Relying solely on The Delivery Man's advance press and its artwork (which features Elvis Costello in silver cowboy boots leaning against a 30-year-old Chevy pickup with a Dale Earnhardt Jr. sticker in the back window), one would think it the Brit singer-songwriter's attempt at an original country album and a belated follow-up to 1981's Almost Blue — an earnest-yet-strained set of country covers, which happened to be the first less-than-stellar effort of Costello's recording career.

Costello has hinted in interviews that Delivery was indeed intended to be a country- or Americana-tinged narrative of a fictional protagonist's romantic adventures with three different women somewhere in the American South, but only a little of that concept seems to have remained in either the content or the sound of the final product.

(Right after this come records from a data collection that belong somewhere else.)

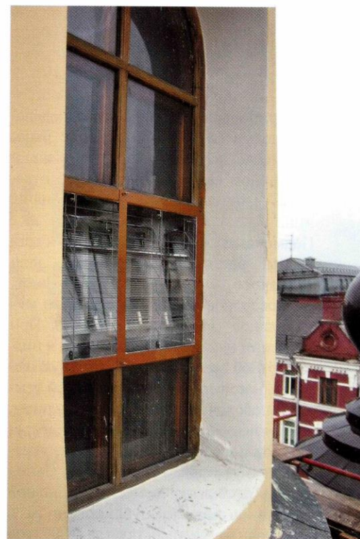
Пример использования аэрационных устройств для естественной вентиляции церковных зданий
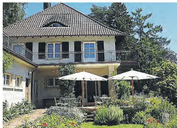
Auch das Museum Haus Dix in Gaienhofen hat in der Saison 2026 einiges im Programm.
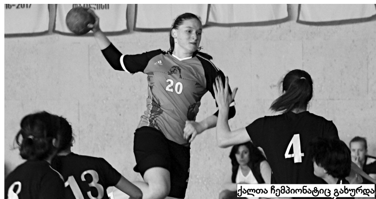
ქალთა ჩემპიონატის გახურდა
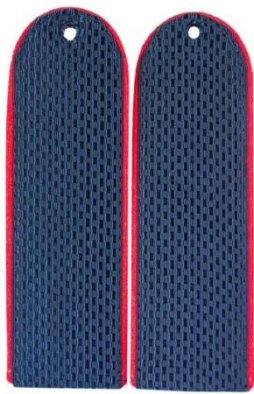
Погоны темно-синего цвета с красной окантовкой
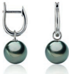
• 313.0608 750/-WG Creole, Tahiti-Zuchtperle, rund, grau, 10 - 10,5 mm
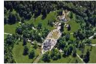
Lin. I, Luftaufnahme Schloss u. Schlosspark v. N, DI024448, BSV

Instead, Delivery is Costello's most musically satisfying rock outing in years, with a vibe not unlike the one he achieved while backed by the Attractions on string of magnificent albums (interrupted only by Almost Blue) — from This Year's Model (1978) to Imperial Bedroom (1982). The Imposters — pianist Steve Nieve, drummer Pete Thomas (both ex-Attractions), and ex-Cracker bassist Davey Feragher — execute Costello's taut, nuanced arrangements with a mix of grandeur and punch.

Raucous workouts like "Bedlam," "Needle Time," and "The Name of Thing is Not Love" sound as good as the best Attractions-era material, but they fall short lyrically, lacking the precise craftsmanship and Dylanesque (or Nabokovian, if you like) wordplay of the Attractions era.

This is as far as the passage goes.